## ABOUT THIS EXERCISE
With the pictures left out, set down the line containing "Descoperiți distracția clasică" and each line after it to the end of the material, exactly as written.

## GIVEN RECORDS
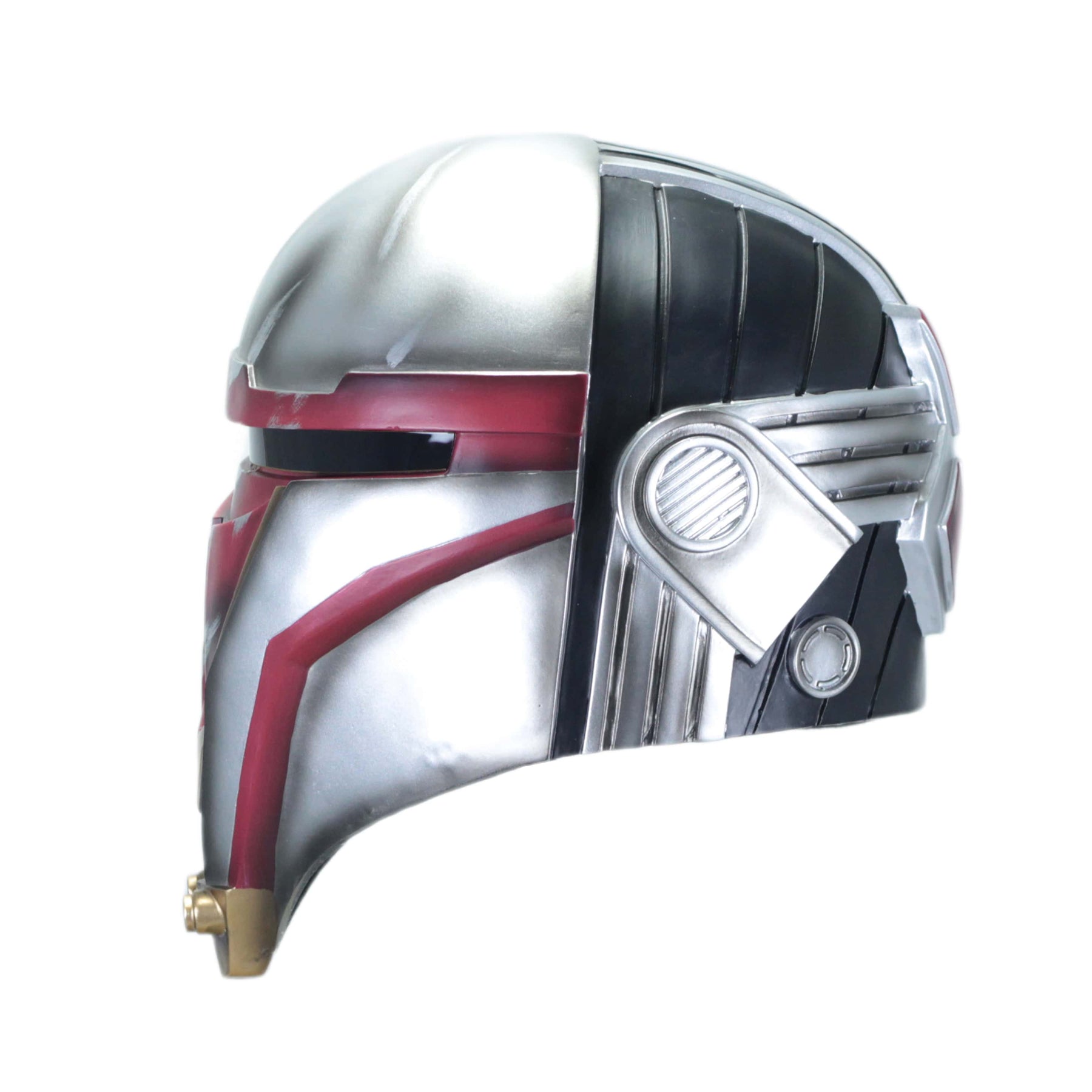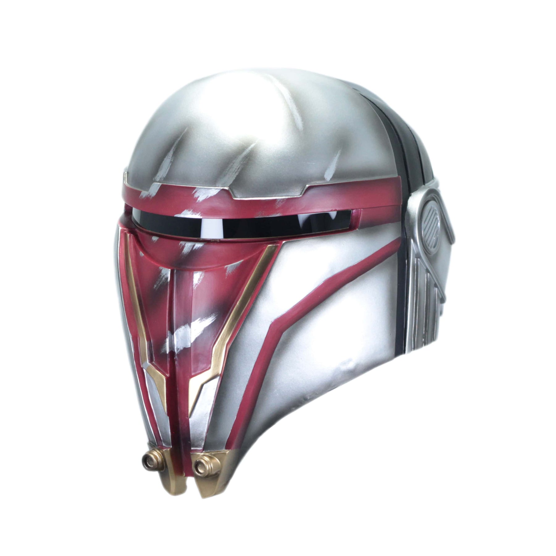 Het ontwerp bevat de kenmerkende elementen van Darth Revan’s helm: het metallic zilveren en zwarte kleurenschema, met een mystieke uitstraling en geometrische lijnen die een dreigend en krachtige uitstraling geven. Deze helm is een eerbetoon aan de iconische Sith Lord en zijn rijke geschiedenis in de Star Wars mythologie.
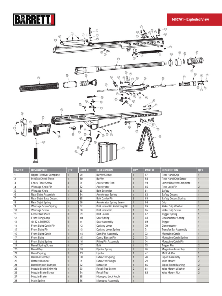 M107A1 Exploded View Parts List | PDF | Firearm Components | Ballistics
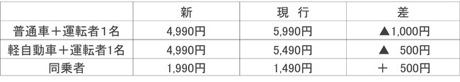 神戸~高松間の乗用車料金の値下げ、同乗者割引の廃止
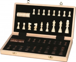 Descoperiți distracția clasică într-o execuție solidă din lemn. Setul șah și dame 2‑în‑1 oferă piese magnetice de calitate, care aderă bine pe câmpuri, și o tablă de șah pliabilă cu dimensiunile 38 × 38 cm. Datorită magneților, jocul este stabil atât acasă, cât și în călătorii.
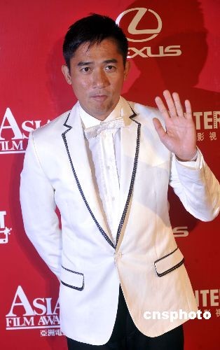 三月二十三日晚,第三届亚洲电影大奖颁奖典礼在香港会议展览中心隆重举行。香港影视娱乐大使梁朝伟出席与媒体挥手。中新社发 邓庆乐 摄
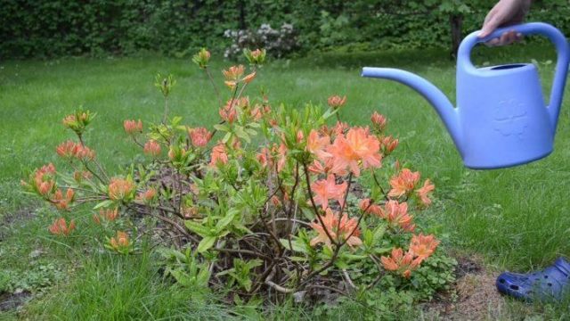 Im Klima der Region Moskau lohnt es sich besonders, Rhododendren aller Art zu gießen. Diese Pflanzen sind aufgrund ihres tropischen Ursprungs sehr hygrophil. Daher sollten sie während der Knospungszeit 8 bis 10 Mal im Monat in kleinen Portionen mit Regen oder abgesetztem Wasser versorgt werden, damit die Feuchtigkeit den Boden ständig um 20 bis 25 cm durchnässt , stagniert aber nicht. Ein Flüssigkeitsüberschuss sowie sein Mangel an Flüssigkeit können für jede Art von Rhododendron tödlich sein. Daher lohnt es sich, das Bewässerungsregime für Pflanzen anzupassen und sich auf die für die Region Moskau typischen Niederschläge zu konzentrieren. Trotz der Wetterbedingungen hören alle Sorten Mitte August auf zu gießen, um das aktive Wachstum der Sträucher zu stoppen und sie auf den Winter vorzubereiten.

## TASK RESULT
 Descoperiți distracția clasică într-o execuție solidă din lemn. Setul șah și dame 2‑în‑1 oferă piese magnetice de calitate, care aderă bine pe câmpuri, și o tablă de șah pliabilă cu dimensiunile 38 × 38 cm. Datorită magneților, jocul este stabil atât acasă, cât și în călătorii.
 三月二十三日晚,第三届亚洲电影大奖颁奖典礼在香港会议展览中心隆重举行。香港影视娱乐大使梁朝伟出席与媒体挥手。中新社发 邓庆乐 摄
 Im Klima der Region Moskau lohnt es sich besonders, Rhododendren aller Art zu gießen. Diese Pflanzen sind aufgrund ihres tropischen Ursprungs sehr hygrophil. Daher sollten sie während der Knospungszeit 8 bis 10 Mal im Monat in kleinen Portionen mit Regen oder abgesetztem Wasser versorgt werden, damit die Feuchtigkeit den Boden ständig um 20 bis 25 cm durchnässt , stagniert aber nicht. Ein Flüssigkeitsüberschuss sowie sein Mangel an Flüssigkeit können für jede Art von Rhododendron tödlich sein. Daher lohnt es sich, das Bewässerungsregime für Pflanzen anzupassen und sich auf die für die Region Moskau typischen Niederschläge zu konzentrieren. Trotz der Wetterbedingungen hören alle Sorten Mitte August auf zu gießen, um das aktive Wachstum der Sträucher zu stoppen und sie auf den Winter vorzubereiten.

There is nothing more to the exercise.